Prints the following:

ben 35

(stdout) is a Cascading tap that prints the string representation of output tuples to the output stream.


?<- allows for combined query creation and execution. It accepts a single output tap, a result vector, and a series of predicates, like so:

    (?<- (stdout)
         [?name ?age]
         (people ?name ?age)
         (< ?age 40))

This query is functionally equivalent to the previous example, under ?-.


??- accepts any numbers of queries (defined by <-), executes them in parallel, and returns a sequence of sequences of the results of each query's execution.

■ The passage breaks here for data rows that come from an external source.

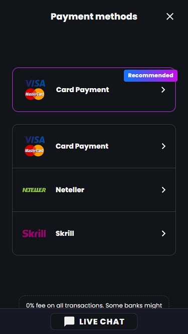 下面您將看到 Winny Casino 的不同銀行業務選項,包括存款和提款選擇。
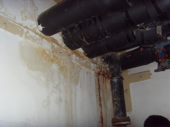 ?。?)穿墻管部位也是外防水薄弱的環(huán)節(jié),如選用卷材處理管根,該部位卷材搭接邊較多,很難做到所有部位搭接滿粘,另外穿墻管周邊混凝土振搗密實(shí)程度不夠,在管根周邊外防水出現(xiàn)問(wèn)題后,就會(huì)從接縫周邊向內(nèi)滲漏。
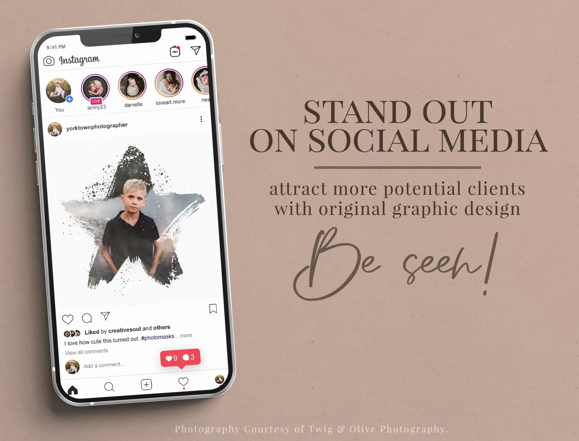 This collection of 20 watercolor star photo masks is designed to help you create playful, professional-looking images in just a few clicks.
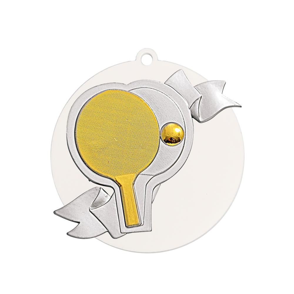 finement sculptée. Le design met en avant une raquette jaune accompagnée d’une balle assortie, toutes deux mises en valeur sur un fond argenté orné de rubans stylisés. Ce visuel dynamique évoque la vivacité et la précision propres au tennis de table. Le contraste entre les matériaux et les couleurs confère à cette médaille une allure moderne et sportive. Parfaite pour récompenser les réflexes, la concentration et la maîtrise technique, elle incarne les valeurs fondamentales du tennis de table.
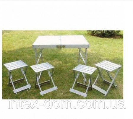 Стіл складаний алюмінієвий + стільці; в складеному стані являє собою компактний

That last bit can be a bit confusing. Let's look at two examples. Here's the result of executing a single query with ??-:

    (def results
       (??- (<- [?name ?age]
                (people ?name ?age)
                (< ?age 40))))

    user=> results
    ((["ben" 35]))

Notice that we have an outer sequence with a single entry, corresponding to the single subquery we executed. This entry is a sequence containing that query's output tuples. Had we executed two queries, we would see a sequence with two inner sequences:

    (def multi-results
      (??- (<- [?name ?age]
               (people ?name ?age)
               (< ?age 40))
           (<- [?name ?age]
               (people ?name ?age)
               (< ?age 50))))

    user=> multi-results
    ((["ben" 35]) (["ben" 35] ["jerry" 41]))


??<- allows for combined query creation and execution into a clojure sequence. Because ??<- only allows execution of a single query, it returns a single sequence of tuples:

    (def results-??<-
      (??<- [?name ?age]
            (people ?name ?age)
            (< ?age 50)))

    user=> results-??<-
    (["ben" 35] ["jerry" 41])